_Data for this exercise_
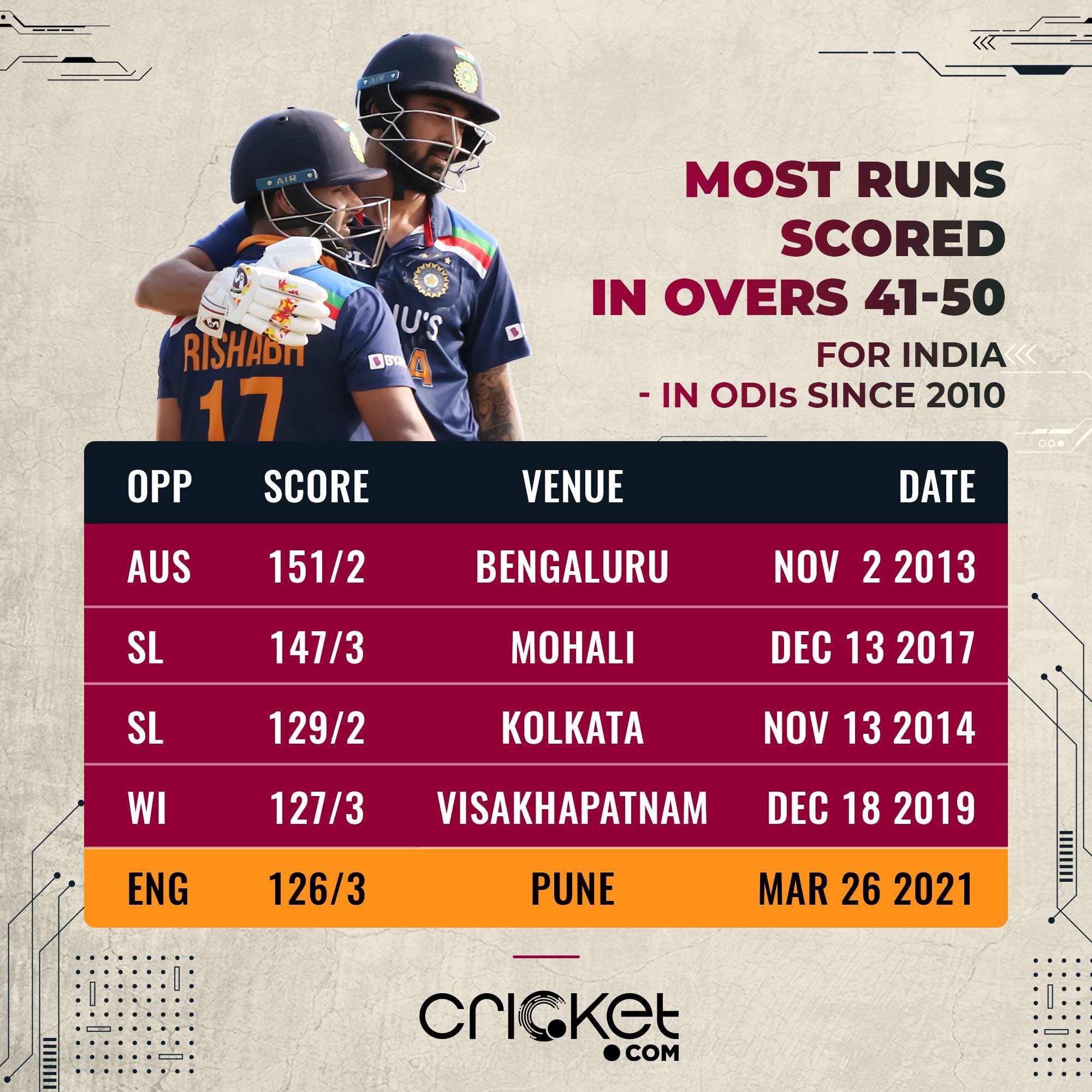 Rahul's departure actually worked in India's favour as Hardik Pandya arrived at the crease and hammered two sixes in his first three deliveries. Both Pant and Hardik smashed sixes for fun and put England on the back foot. Pant hit seven sixes and three fours in his 40-ball 77 - his highest ODI score - before perishing in the 47th over. Hardik however kept the attack going and struck four sixes during his knock, giving India a rapid finish.
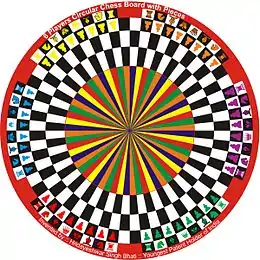 Bhati's version of multiplayer chess is played on a circular board with 228 black and white cells (or spaces). The 12 red spaces are not used. Up to six players in teams of two or three can play. Bhati's design employs all the standard chess pieces and their moves.[14][15] Individual armies are distinguished by colour.
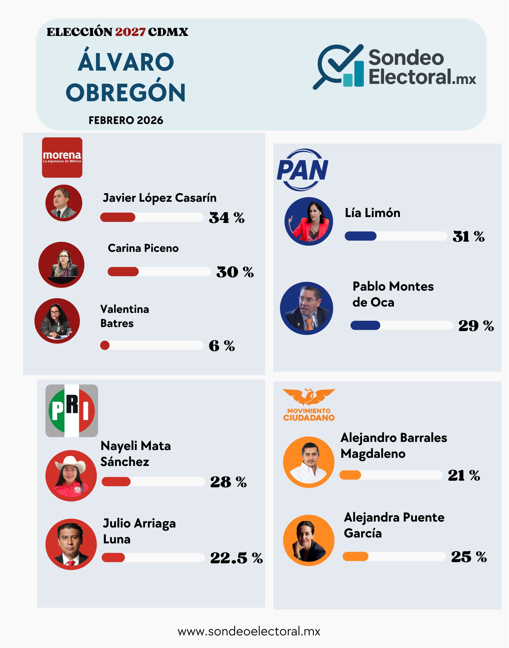 CDMX, 17 marzo 2026.- La contienda por la alcaldía de Álvaro Obregón rumbo a 2027 empieza a calentarse… y a reconfigurarse. El más golpeado en el nuevo escenario es Javier López Casarín, quien, aunque aún encabeza en Morena con 34%, muestra señales claras de desgaste y caída frente a sus competidores internos.
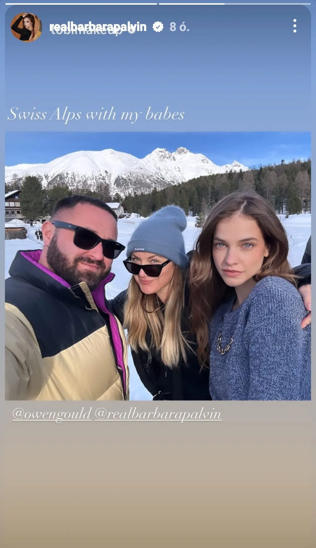 Mostani, 24 óráig elérhető Instagram sztorijába egy smink nélküli, pulóverben készült kép került ki róla és feltehetően két barátjáról, amelyen az Alpokban láthatók. Barbi kék szeme a havas háttérrel gyönyörű harmóniát alkot.
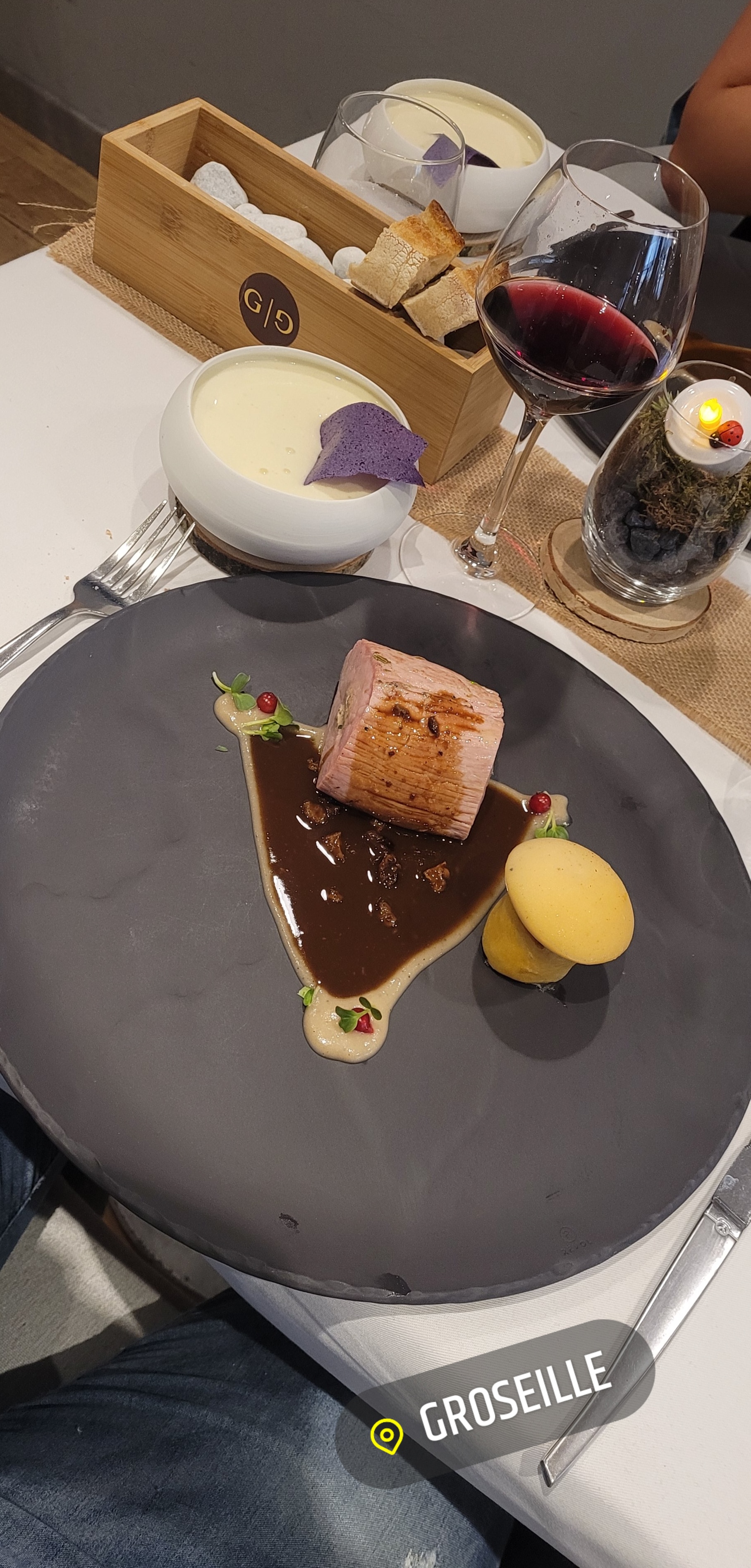 Tout d'abord il y a le cadre , chaleureux, raffiné, confortable,puis arrive les plats ,succulents de l entrée au dessert ,très joliment dressés dans de la très belle vaisselle,et enfin le service souriant et a l écoute des clients ! Nous avons passé un très bon moment chez Groseille.

_To do_
Above are the records. Copy exactly, and only, the lines from the line containing "CDMX, 17 marzo" through the last one, omitting any pictures.

_Answer to this problem_
 CDMX, 17 marzo 2026.- La contienda por la alcaldía de Álvaro Obregón rumbo a 2027 empieza a calentarse… y a reconfigurarse. El más golpeado en el nuevo escenario es Javier López Casarín, quien, aunque aún encabeza en Morena con 34%, muestra señales claras de desgaste y caída frente a sus competidores internos.
 Mostani, 24 óráig elérhető Instagram sztorijába egy smink nélküli, pulóverben készült kép került ki róla és feltehetően két barátjáról, amelyen az Alpokban láthatók. Barbi kék szeme a havas háttérrel gyönyörű harmóniát alkot.
 Tout d'abord il y a le cadre , chaleureux, raffiné, confortable,puis arrive les plats ,succulents de l entrée au dessert ,très joliment dressés dans de la très belle vaisselle,et enfin le service souriant et a l écoute des clients ! Nous avons passé un très bon moment chez Groseille.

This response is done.